Stimmt, ein Mac Unterforum wäre nicht verkehrt


----------



## Bauer87 (8. November 2009)

An alle, die es noch nicht mitbekommen haben: *Bis auf das Gehäuse sind Macs Standard-PC-Hardware.*


----------



## STSLeon (8. November 2009)

Nein, glaubst du wirklich wir MacUser wissen das nicht?? Desweiteren sind die Mainboards definitiv keine Standard PC Hardware, erstmal aufschrauben und nachsehen, bevor man hier groß rumschreit


----------



## midnight (8. November 2009)

Bauer87 schrieb:


> An alle, die es noch nicht mitbekommen haben: *Bis auf das Gehäuse sind Macs Standard-PC-Hardware.*



Ui. In einem Polo steckt auch das selbe Know-How wie in einem Skoda Fabia. Und trotzdem ist der Polo um Welten besser. Seltsames Auto...

so far


----------



## orca113 (8. November 2009)

Sagt mal Leute,ich bin gerade am basteln:

Vista Home Premium Laptop->hängt an Fritzbox (wlan,internet...) unter Netzwerk werden Laptop und Fritzbox amgezeigt.
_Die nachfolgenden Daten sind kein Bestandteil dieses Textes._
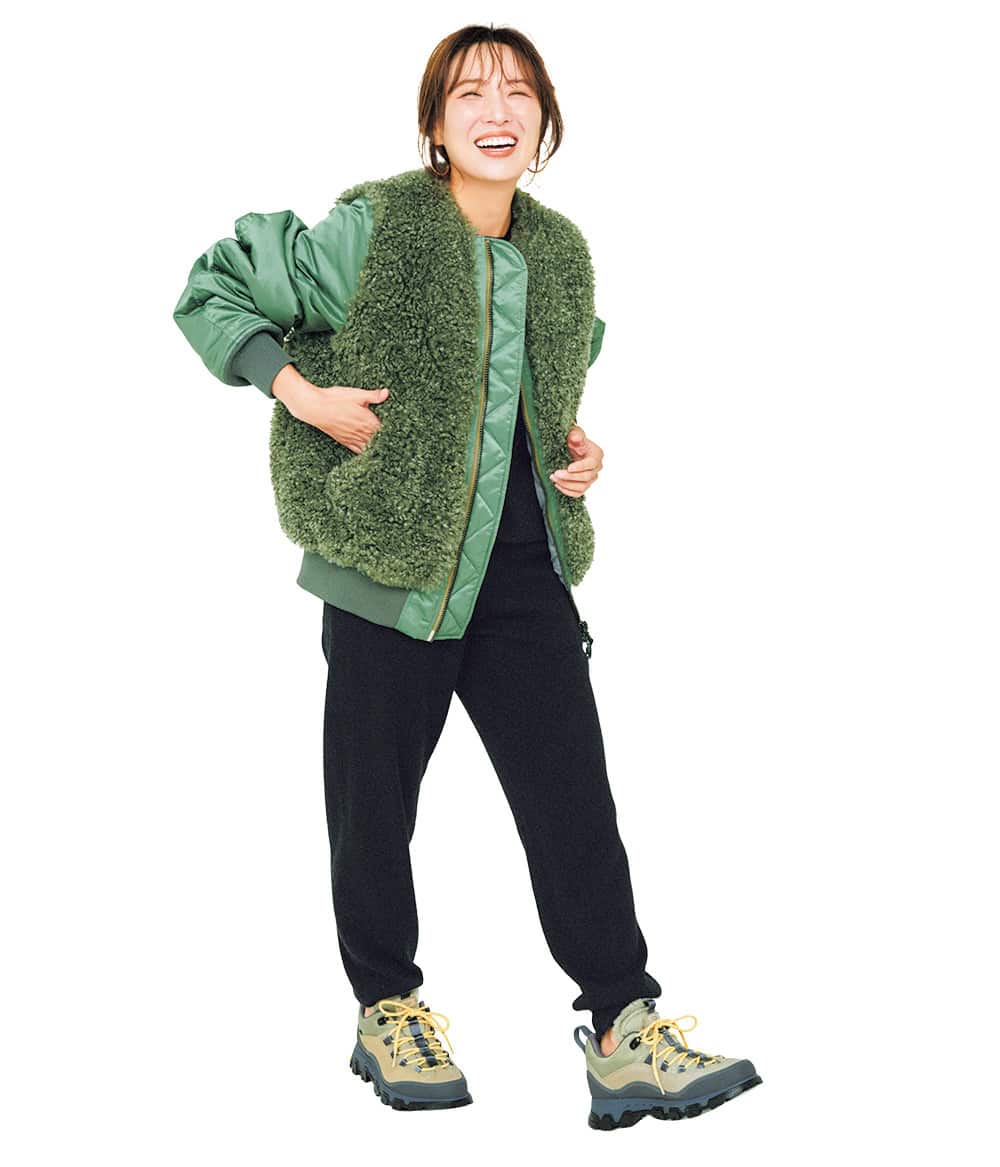 スニーカー¥38,500(アグ®/デッカーズジャパン)ブルゾン¥91,300ピアス¥49,500(ともにハイク/ボウルズ)ニットセットアップ¥58,300(cash & barba/エグジステンス)

Wie bekomme ich da das Mac Book Pro hin sodas ich Dateien rüberschicken kann und wie sehe ich mein Vista Laptop auf meinem MBP? Wie bekomme ich die beiden Rechner in ein Netzwerk?


----------



## STSLeon (10. November 2009)

Gute Frage! Ich weiß garnicht ob das sinnvoll ist. Dein Laptop wird doch ohnehin NTFS als Festplattenformat haben und dann den Mac zum Schreiben auf der Festplatte zu bekommen ist auch nicht leicht. Kurze PM an derLordselbst oder Quanti könnte das Problem aber lösen, da die beiden ziemlich Macerfahren sind. 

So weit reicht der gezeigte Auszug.